Simon Marchi Jan. 26, 2023, 8:21 p.m. UTC | #4
On 1/26/23 10:08, Tom Tromey wrote:
>>> This is an odd one.  It isn't super clear when memory references are
>>> invalidated.  (The spec doesn't even define what a memory reference is.)
> 
> Simon> I'm not sure what you mean.
> 
> Actually I used the wrong word there.  In this case the term is really
> "instruction reference"
> 
> Anyway, what I mean is that the DAP spec refers to "instruction
> reference" without defining it.  So for example the response to a
> setBreakpoints request is essentially an array of Breakpoint, which is
> documented as:
> 
>   /**
>    * A memory reference to where the breakpoint is set.
>    */
>   instructionReference?: string;
> 
> However, what are the semantics of this?  The spec does not say.  So, we
> don't know what values might be valid (and pragmatically I think a
> client has to assume it must treat them as opaque cookies).  When are
> they invalidated, or are they assumed to be valid for the lifetime of
> the inferior?
> 
> Maybe gdb could send an InvalidatedEvent but even this is pretty vague.

Ok, thanks for the explanation.

Well, the client gets an initial instructionReference for the
breakpoint.  But then GDB sends a "breakpoint changed" event for that
same breakpoint, with a new instructionReference.  That sounds like a
good way to tell the client "your old instructionReference for that
breakpoint is not longer valid".

> 
> Simon> Since there isn't a DAP event that says when symbols have changed
> Simon> (AFAIK), I think DAP clients have to assume that any symbol address may
> Simon> be invalid after resuming the program.
> 
> I agree, though it's unwritten.
> 
>>> I don't think this is possible in DAP.  One of the many holes.
> 
> Simon> When I saw this in the DisassembleArguments DAP structure:
> 
> Simon>   /**
> Simon>    * Memory reference to the base location containing the instructions to
> Simon>    * disassemble.
> Simon>    */
> Simon>   memoryReference: string;
> 
> Simon> I assumed that memoryReference could be pretty much anything that
> Simon> resolves to an address, essentially the same thing you could pass to
> Simon> GDB's disassemble command.  But that's just my interpretation of it.
> 
> This would be convenient and perhaps it is what gdb ought to do, but I
> don't see any text in the spec supporting this approach, so unless a
> client specifically knows it will only talk to gdb, it seems risky for
> them to use it.  And of course if you're specifically talking only to
> gdb, you might as well use MI, which despite its flaws has solved all
> the problems that DAP still has.
> 
> Probably what would be better for gdb is something that uses the DAP
> transport -- JSON-RPC is just amazingly easy to work with -- but with MI
> requests as the high-level protocol.  Or, that would have been better in
> some alternate universe anyway.

I would support changing MI to use JSON-RPC or similar.

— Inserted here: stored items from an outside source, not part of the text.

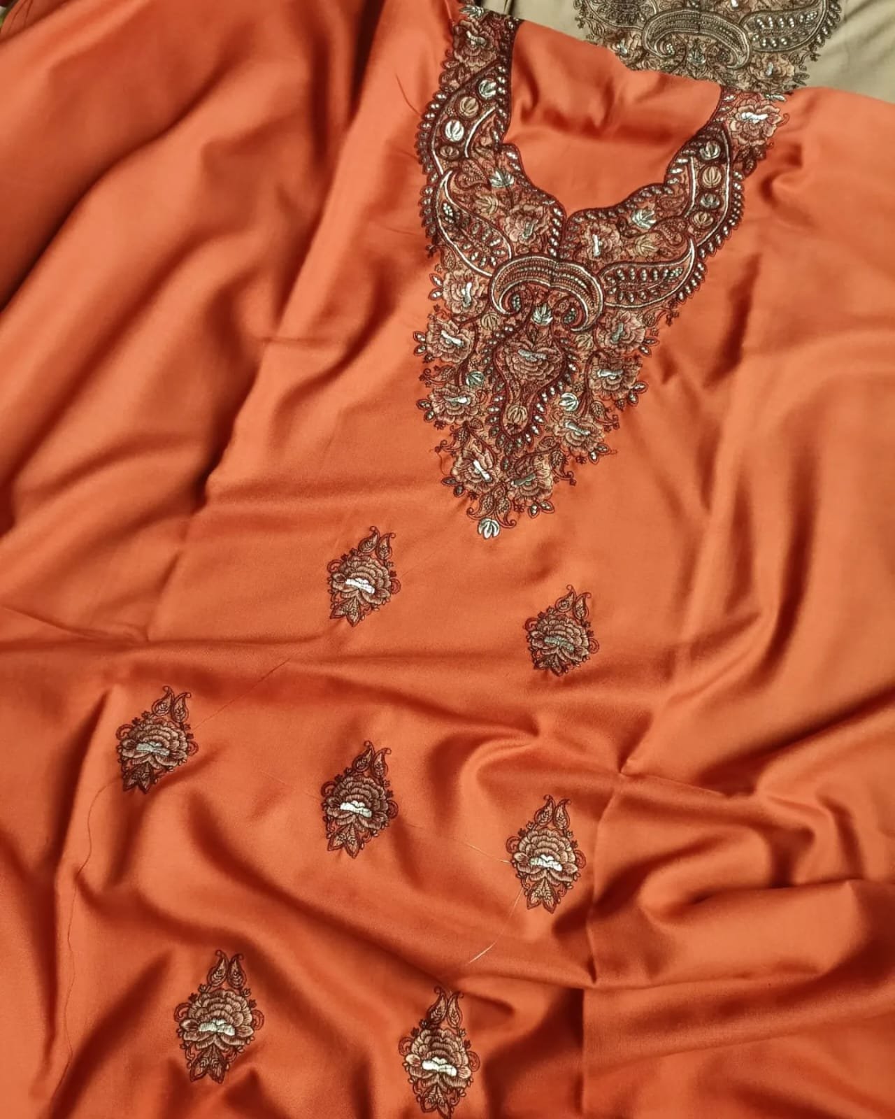 - Exquisite Sozni Embroidery: Each suit is adorned with intricate Sozni embroidery, a traditional Kashmiri hand embroidery technique known for its exquisite beauty and fine detailing.
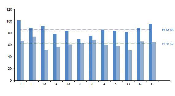 Hier werden zwei Datenreihen in einem Säulendiagramm mit nebeneinander angeordneten Säulen dargestellt. Für die Anzeige der Durchschnittswerte wurden die Punktdiagramme aus Beispiel 1 beibehalten. Um die Durchschnittswerte noch rechts neben den Dezemberwerten anzeigen zu können, wurde die X-Achse auf 13 Monate erweitert, wobei fuer X=13 keine Werte angegeben wurden um die Anzeige von Säulen an dieser Stelle zu unterdrücken.
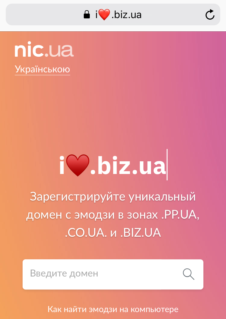 В 2018-м году в трёх украинских доменных зонах появилась возможность регистровать домены, которые содержат в названии эмодзи. В доменных зонах .BIZ.UA, .CO.UA и даже в бесплатном .PP.UA стало возможно использовать не только буквы и цифры, а еще и картинки. Как пример — i❤.biz.ua
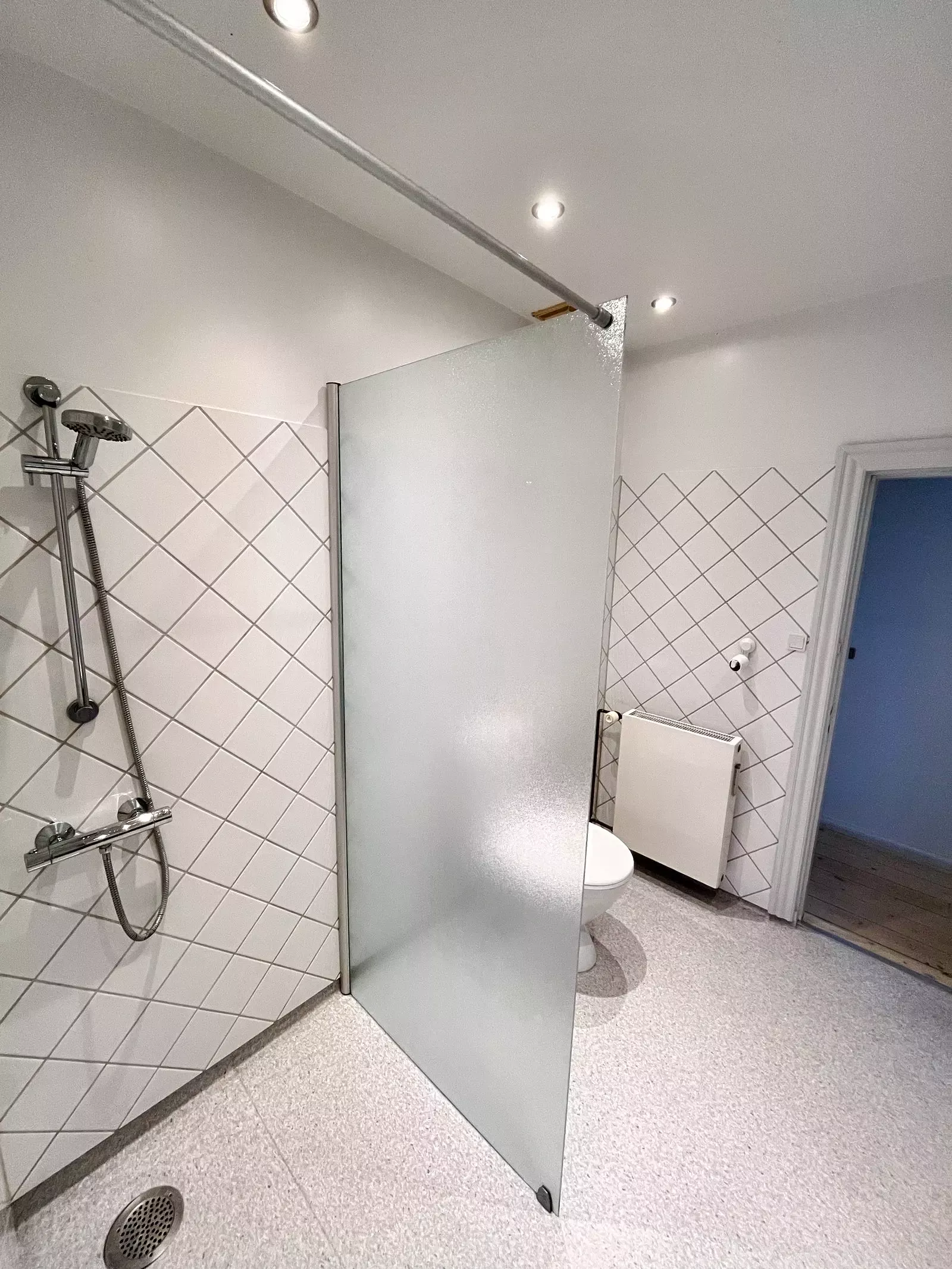 Lejligheden består af en rummelig stue, et lyst soveværelse/spisestue samt et ekstra værelse, der egner sig perfekt som kontor, børneværelse eller ekstra soveværelse. Køkkenet er pænt, praktisk og med godt med skabsplads. Badeværelset er mindre, men velindrettet – og her finder du også en vaskemaskine til tøj, hvilket er en stor fordel i dagligdagen.
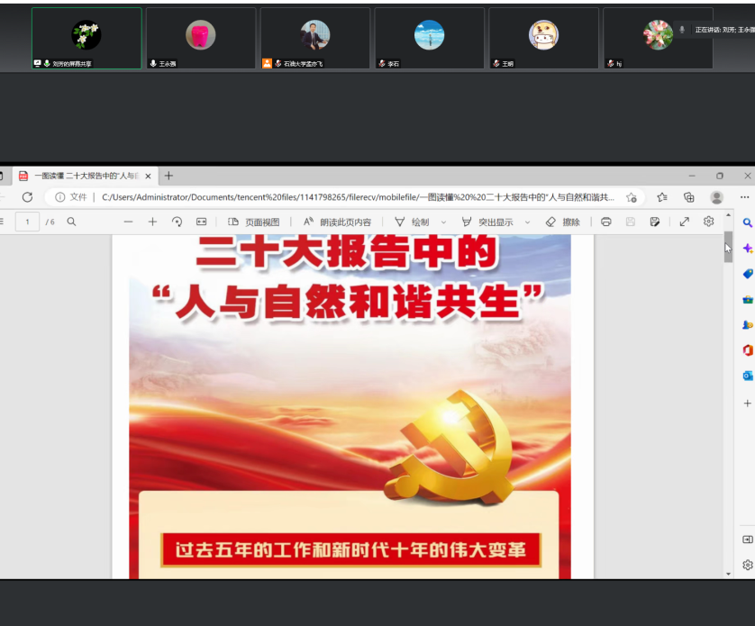 通过学习,老师们纷纷表示将继续认真学习党的二十大报告,深刻把握大会精神,为推动绿色发展、促进人与自然和谐共生贡献出自己的力量!会上,老师们还研讨了疫情形势下理论教学和实践教学新模式的改革,为提高教学质量、提升教学水平、促进疫情形势下教学工作的有效开展献言献策。
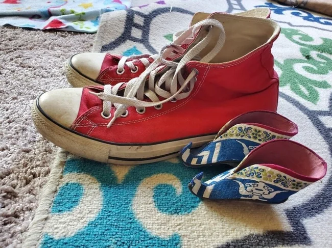 Three-inch (7.62 cm) adult women's fleur-de-lis shoes and regular shoes
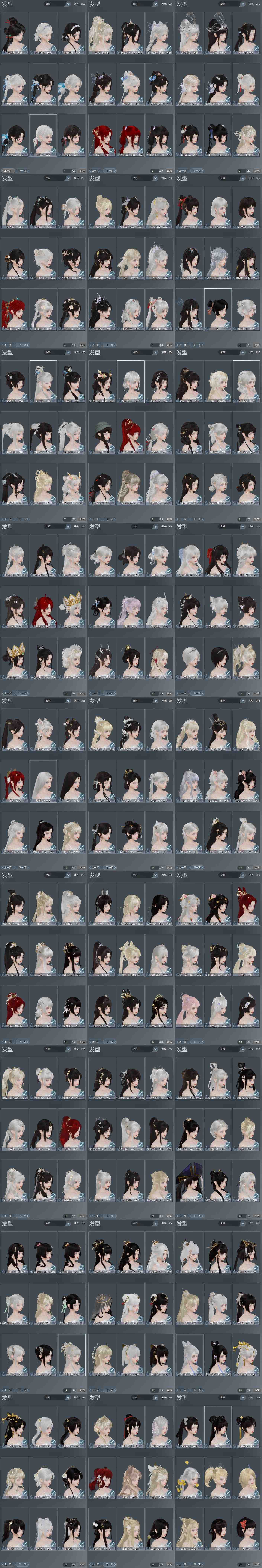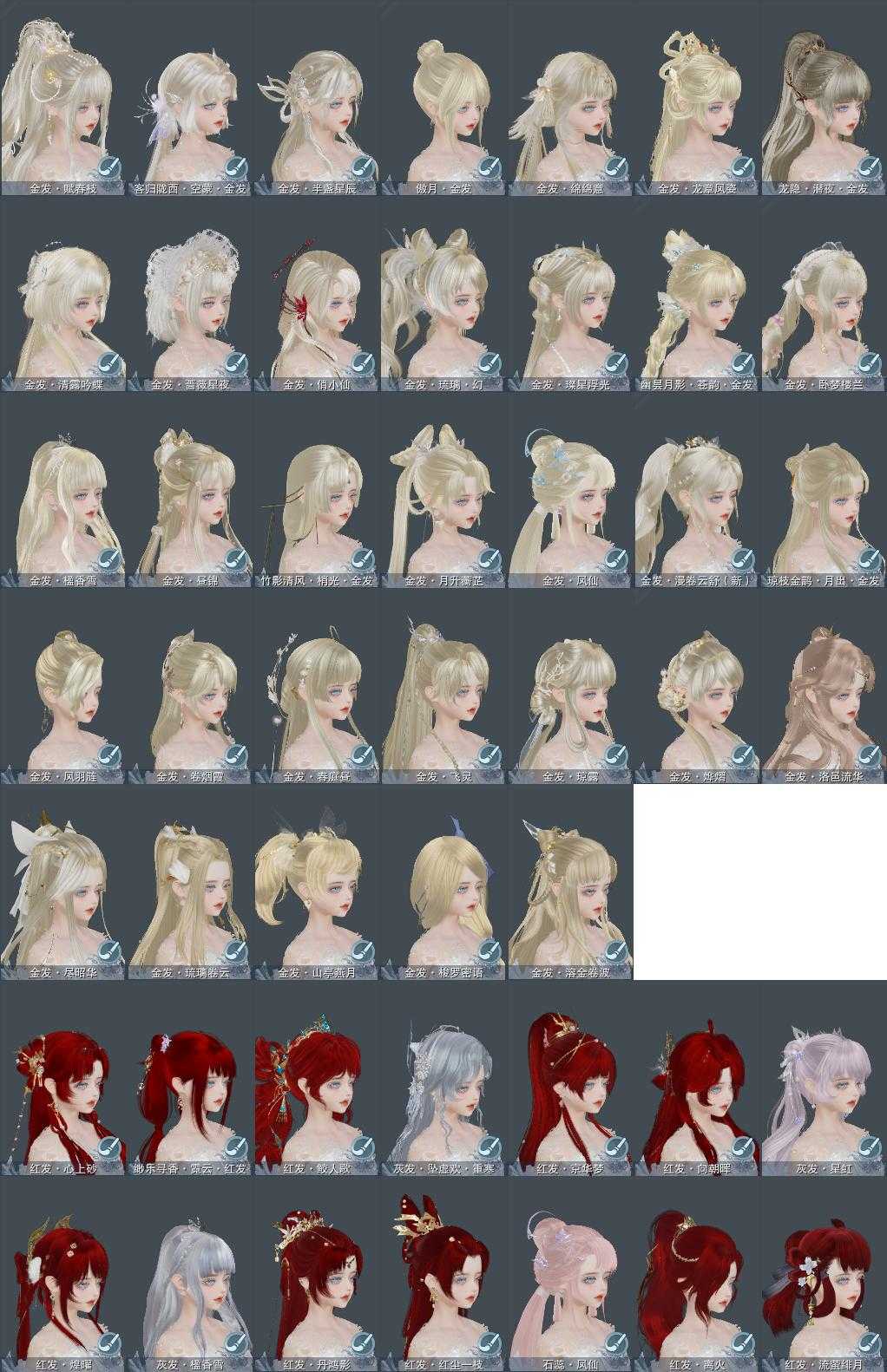 【发型】金发33个[资历金, 鼠金, 中秋金, 蝶金, 国金, 龙女金, 玫瑰金, 猪金, 珊瑚金, 飒金, 角金, 凤金, 新云金, 凤仙金, 香蕉金, 虎金, 一代灰金, 女仆金, 雪金, 海金, 刺金, 蔷薇金, 水母金, 龙金, 咩金, 傲月金发, 精灵金, 蛇金, 澄琼枝金发, 竹影梢光金发, 绿幽昙金发, 黑龙隐金发, 彩陇西金发], 红发14个[十二红, 十四红, 凤仙粉, 虎红, 兔红, 小资历红, 龙红, 大资历红, 十五红, 蛇红, 紫寻香红发, 二代灰, 一代灰, 三代灰银], 黑发116个, 白发79个, 盒子发型[新绿中秋白发, 二代花朝黑, 丝路黑, 狄仁杰黑, 泠月黑发, 一代重阳白, 踏云黑发, 四代七夕黑发, 四代中秋蓝黑发, 小白龙黑发, 黑谪仙黑发, 乘风黑发, 晴岚绘黑发, 山吹樱雪黑发, 棉袄白, 白楼兰黑发, 二代花朝白, 白如归黑发, 泠月白发, 踏云白发, 四代七夕白发, 飞皇黑发, 幽阑黑发, 四代中秋蓝白发, 小白龙白发, 绿中秋黑发, 乘风白发, 晴岚绘白发, 黑同人黑发, 山吹樱雪白发, 粉同人黑发, 白楼兰白发, 浮岚黑发, 净尘黑发, 飞皇白发, 幽阑白发, 薄雾黑发, 蓝曲塘黑, 澄琼枝黑发, 浮岚白发, 沧海黑发, 黑红尘黑发, 月轻语白发, 蓝曲塘白, 原色幽香黑发, 沧海白发, 小金龙黑发, 新白游园黑, 黑红尘白发, 白明光黑发, 竹笛黑发, 小熊黑发, 孔雀黑发, 紫幽香白发, 小金龙白发, 白六七黑发, 十二黑, 芙蓉黑发, 六代中秋黑发, 哒黑, 白明光白发, 竹笛白发, 小熊白发, 孔雀白发, 竹影梢光黑发, 白六七白发, 芙蓉白发, 六代中秋白发, 白懒猪黑发, 蝴蝶黑发, 花滑黑发, 星源黑发, 粉忘川黑发, 黑人间黑发, 蝴蝶白发, 花滑白发, 星源白发, 羊盒黑发, 箜篌黑发, 粉忘川白发, 羊盒白发, 竹露响紫檀黑发, 乘梦虚舟黑发, 绿幽昙黑发, 雏菊黑发, 三代福袋白发, 幽涧愀兮白发, 乘梦虚舟白发, 镖盒黑发, 黑傣族黑发, 雏菊白发, 除夕盒黑发, 卿酒盒黑发, 蓝钻石盒黑发, 镖盒白发, 不良人盒黑发, 黑傣族白发, 红椿山黑发, 踏青黑发, 除夕盒白发, 蓝钻石盒白发, 灵龙盒黑发, 不良人盒白发, 蓝兔盒黑发, 圆舞盒黑发, 蓝椿山白发, 踏青白发, 黑沧洲盒黑发, 西游盒黑发, 灵龙白发, 蓝兔盒白发, 八七盒黑发, 圆舞盒白发, 黑八中黑发, 六代重阳黑发, 西游盒白发, 青山盒黑发, 天星盒黑发, 八七盒白发, 黑龙隐黑发, 黑八中白发, 六代重阳白发, 游龙盒黑发, 青山盒白发, 婚纱盒黑发, 天星盒白发, 粉鹿黑发, 蓝龙隐白发, 海阔盒黑发, 游龙盒白发, 熊猫黑发, 茄盒黑发, 婚纱盒白发, 粉鹿白发, 黑鹭黑发, 蓝鹭黑发, 龙吟盒黑发, 莲台盒黑发, 梦盒黑发, 兰陵盒黑发, 海阔盒白发, 紫月下黑发, 熊猫白发, 茄盒白发, 九七黑发, 白蛇盒黑发, 柿盒黑发, 龙吟盒白发, 莲台盒白发, 梦盒白发, 兰陵盒白发, 人间夜色黑发, 九七白发, 蓝千山黑发, 柿盒白发, 白蛇盒白发, 瑞雪盒黑发, 彩陇西黑发, 人间夜色白发, 燕月盒黑发, 紫寻香黑发, 瑶华盒黑发, 瑞雪盒白发, 蓝蝴蝶黑发, 燕月盒白发, 绿故梦黑发, 重花游黑发, 瑶华盒白发, 仙剑黑发, 潮涌盒黑发, 蓝蝴蝶白发, 瓷盒黑发, 仙剑白发, 重花游白发, 潮涌盒白发, 瓷盒白发], 总页数27
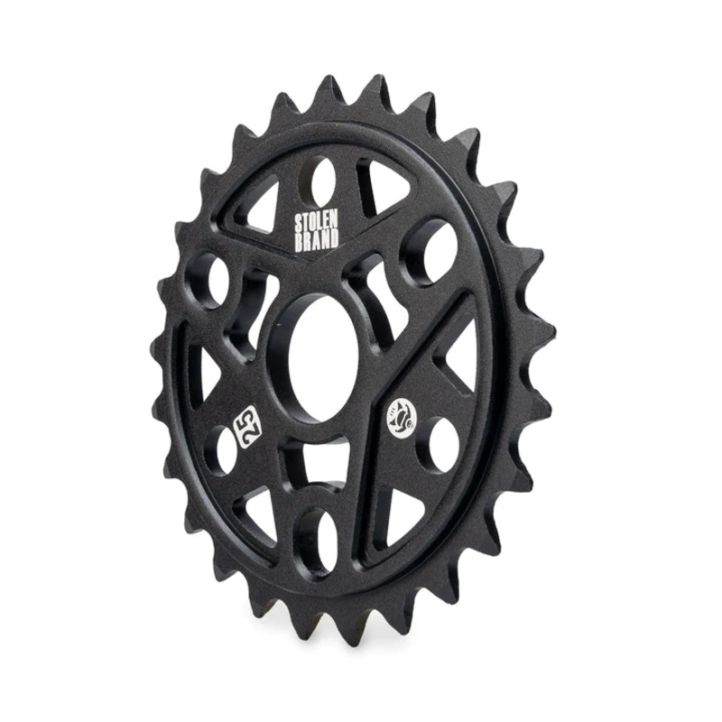 “The Stolen Sumo lll sprocket is a high grade 6061aluminum sprocket design to take a beating. Cnc machined this sprocket is perfectly straight and will help eliminated you tight loose spots in your chain. The matte anodized finish and the laserStolen logo on the front makes this sprocket look amazing. All the teeth are tapered for smooth pedaling and compatibility with any 1/8 chain. If you want a heavy duty sprocket at a low cost, pick up one of these today.”
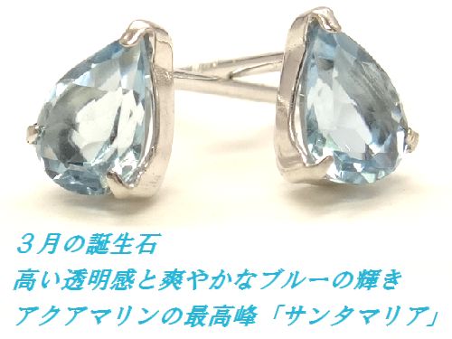 K10 サンタマリア アクアマリン ペアシェイプ ピアス 4x6 WG YG 選べるゴールド ジュエリー 高品質 サンタアクア 3月誕生石 天然石 箱付き
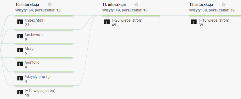 Przepływ zachowań, czyli ile stron przejrzeli użytkownicy wchodząc na stronę.
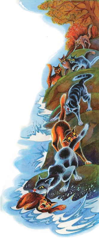 Но Мотылек уже не слышал его. Метнувшись в сторону, он пробежал мимо Малиновника и плюхнулся в воду. В тот же миг волна накрыла его с головой, и молодой воин скрылся в пучине, но, к счастью, вынырнул чуть ниже по течению и попытался вскарабкаться на камень. Было видно, как кончики его ушей отчаянно трясутся от напряжения.
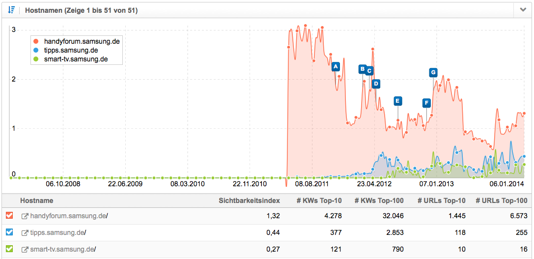 Den umgekehrten (aber ebenso gewollten) Fall, die verschiedenen Länderinhalte auf einer Domain zu konzentrieren, finden wir beispielsweise bei samsung.de (Grafik) auf Platz 52. Die Hauptdomain leitet auf samsung.com weiter, allerdings sind Subdomains der DE-Domain noch aktiv (Grafik).
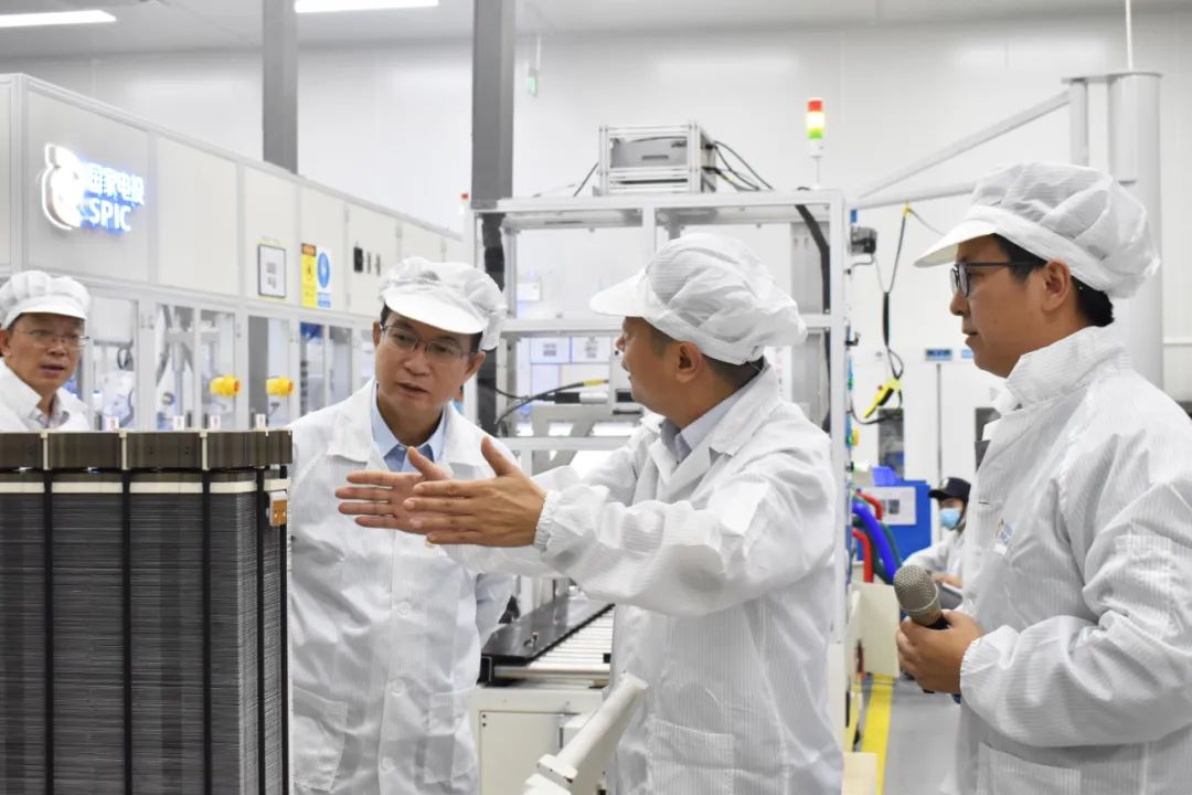 在國氫科技寧波綠動,江毅與寧波市委常委、常務(wù)副市長華偉一同調(diào)研參觀了國家電投華東氫能產(chǎn)業(yè)基地建設(shè)進展等情況。華偉對江毅一行表示歡迎,感謝國家電投對寧波市的支持。他表示,將一如既往支持國家電投在甬發(fā)展氫能產(chǎn)業(yè),積極支持國家電投在甬拓展氫能應(yīng)用。
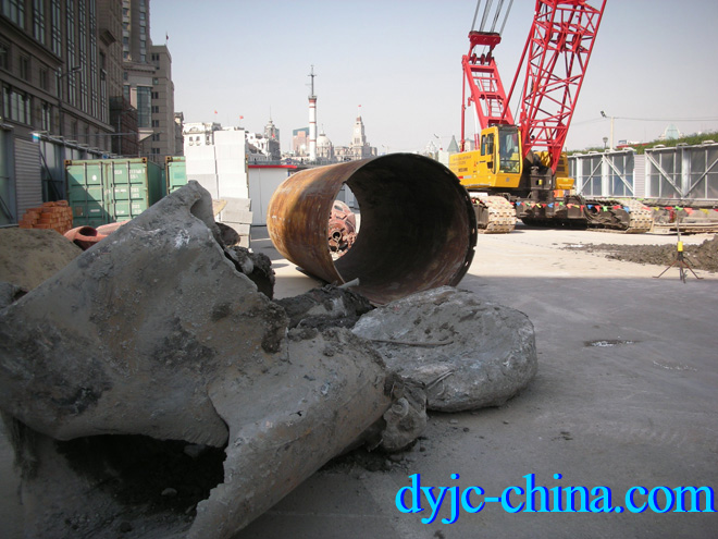 外灘通道是上海市“三縱三橫”交通主干網絡中三縱東線的組成部分,建造外灘地下通道的目的是緩解外灘地區(qū)的交通擁堵,分流三縱東線外灘的過境交通,改善外灘環(huán)境,提升城市功能,并服務上海世博會交通。因外灘通道改建工程圍護結構施工,多處區(qū)域內地下鋼筋混凝土結構、塊石、舊樁等障礙物需要清除。清障施工必須克服地下管線錯綜復雜、周邊建筑物較多(大多數是上海市保護性建筑)而且緊靠構筑物、施工場地狹小,且障礙物分布區(qū)域不詳。我公司采用360度全回轉套管鉆機、專利設備FCEC正逆雙向同步全回轉清障機(專利號:200720155651.3)進行施工,對地下土體擾動小、清障徹底,保證了上海外灘通道改建整體工程的順利施工

At least, if the output could be JSON, rather than the current output
that kinda looks like JSON but isn't, it would be nice.

But even command input would benefit from having a better structure.  I
don't recall them at the moment (because I haven't worked on a frontend
for a long time), but there are some inconsistencies between commands,
how things should be quoted, escaped, etc.

> Anyway I imagine the route forward is to file a bunch of DAP bugs and
> try to get them resolved; though I haven't seen much progress on, e.g.,
> the multiple location bug.

It will happen when somebody at Microsoft needs it, I suppose.

Simon
  

Patch

diff --git a/gdb/testsuite/gdb.dap/basic-dap.exp b/gdb/testsuite/gdb.dap/basic-dap.exp
index 795702a5a8f..5303e943320 100644
--- a/gdb/testsuite/gdb.dap/basic-dap.exp
+++ b/gdb/testsuite/gdb.dap/basic-dap.exp
@@ -90,9 +90,36 @@  set insn_pc [dict get [lindex $bplist 0] instructionReference]
 dap_check_request_and_response "start inferior" configurationDone
 dap_wait_for_event_and_check "inferior started" thread "body reason" started
 
-dap_wait_for_event_and_check "stopped at function breakpoint" stopped \
-    "body reason" breakpoint \
-    "body hitBreakpointIds" $fn_bpno
+# While waiting for the stopped event, we might receive breakpoint changed
+# events indicating some breakpoint addresses were relocated.  Update INSN_PC
+# if necessary.
+lassign [dap_wait_for_event_and_check "stopped at function breakpoint" stopped \
+	    "body reason" breakpoint \
+	    "body hitBreakpointIds" $fn_bpno] unused objs
+foreach obj $objs {
+    if { [dict get $obj "type"] != "event" } {
+	continue
+    }
+
+    if { [dict get $obj "event"] != "breakpoint" } {
+	continue
+    }
+
+    set body [dict get $obj "body"]
+
+    if { [dict get $body "reason"] != "changed" } {
+	continue
+    }
+
+    set breakpoint [dict get $body "breakpoint"]
+    set breakpoint_id [dict get $breakpoint "id"]
+
+    if { $breakpoint_id != $insn_bpno } {
+	continue
+    }
+
+    set insn_pc [dict get $breakpoint "instructionReference"]
+}
 
 set obj [dap_check_request_and_response "evaluate global in function" \
 	     evaluate {o expression [s global_variable]}]